Sum of projectors is a projector implies mutual orthogonal projectors?

Question

Let $V$ be a $\mathbb{K}$-vector space. Suppose we have a set of projectors $P_1, P_2, ...P_n$. Denote $P = \sum_{i=1}^n P_i$. Suppose $P$ is a projector. Does this fact imply that $P_i P_j = \delta_{ij}P_i$, with characteristic of $\mathbb{K}$ being $0$ or greater than $n$? Is the assumption true at least when the $\dim(V) < \infty$?

For example, the statement holds for $n=2$ and the characteristic of $\mathbb{K} \neq 2$.

Proof

$P_1 + P_2 = (P_1 + P_2)^2 = P_1^2 + P_1P_2 + P_2P_1 + P_2^2 = P_1 + P_1P_2 + P_2P_1 + P_2 \Rightarrow P_1P_2 + P_2P_1 = 0$

Now, multiply on the left and on the right by $P_1$. We then get

$P_1^2P_2 + P_1P_2P_1 = P_1P_2 + P_1P_2P_1 = 0$

$P_1P_2P_1 + P_2P_1^2 = P_1P_2P_1 + P_2P_1 = 0$

Adding both equations we get

$2P_1P_2P_1 + (P_1P_2 + P_2P_1) = 2P_1P_2P_1 = 0 \Rightarrow P_1P_2P_1 = 0 \Rightarrow P_1P_2 = P_2P_1 =0$

I found this post solving the case when the characteristic of the field is 0 and the dimension is finite.

Answer 1

The statement is not true in the generality wanted from the inquirer. Let $V$ be a finite dimensional $K$ vector space with $p=\operatorname{char}(K)>0$ and $P_1:V \to V$ any non-zero projection. Now let $$n \equiv 0 \mod p$$ or $$n \equiv 1 \mod p.$$ We definite $P_j := P_1$ for $2 \le j \le n$. The projections are not orthogonal if $n>1$ since $P_iP_j=P_1$ (independent of $i$ and $j$). But $$P := \sum_{j=1}^n P _j = nP_1$$ is always a projections since in the $p \mid n$ case we have $P=0$ and in the other case we have $P=P_1$.
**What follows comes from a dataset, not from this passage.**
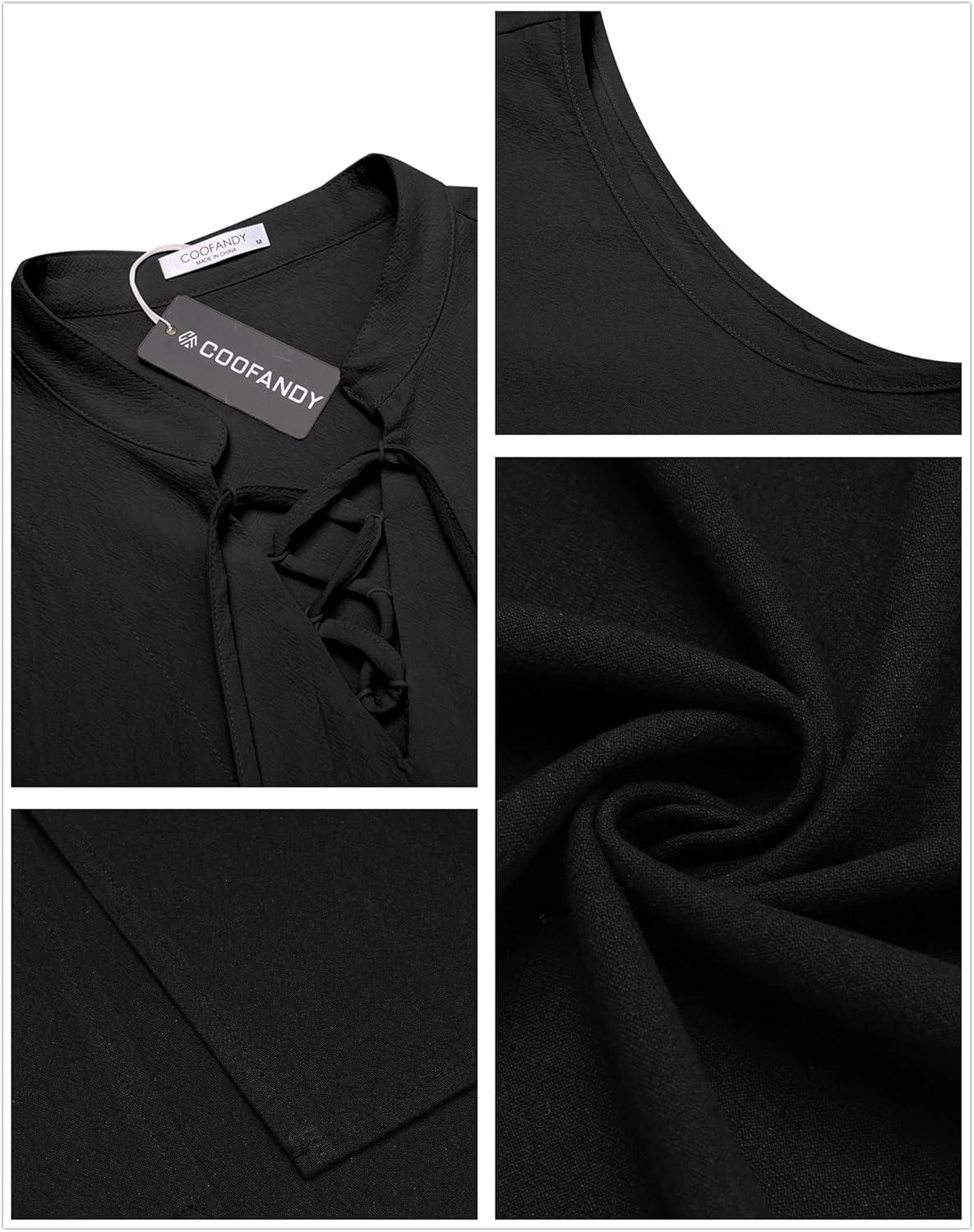 COOFANDY Men Tank Top Cotton Linen Beach Sleeveless Shirt Lace Up Bohemian Hippie Renaissance Pirate Kilt Medieval Tunic(Black)

In particular this shows that for $p=2$ it doesn't work for a single $n>1$ since every $n \equiv 0,1 \pmod 2$.

Edit: Actually, a little adaptation turns it into a counter-example for every $n>p$ (this is the case the inquirer was interested in). Simply definie $P_j:=P_1$ for $2 \le j \le p+1$ and $P_j:=0$ for $j > p+1$. Then you get always $P=P_1$ and you always have that $P_1$ and $P_2$ are not orthogonal.
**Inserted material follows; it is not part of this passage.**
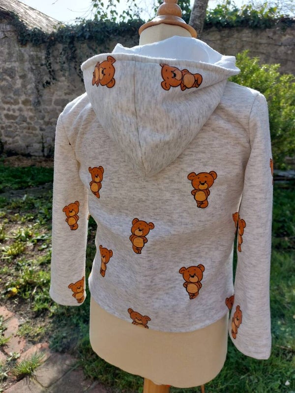veste sweat à capuche et zipé, oursons. Capuche doublé en coton. taille 4 ans et 6 mois.

Summary: So all finite characterstics are completely out. For $p=0$ you have already a proof in the finite dimensional case and for infinite dimension even $n=3$ doesn't work (that was pointed out in the comments). If $n=3$ doesn't work, any bigger $n$ doesn't work by the same trick I did above. So the questions seems fully answered.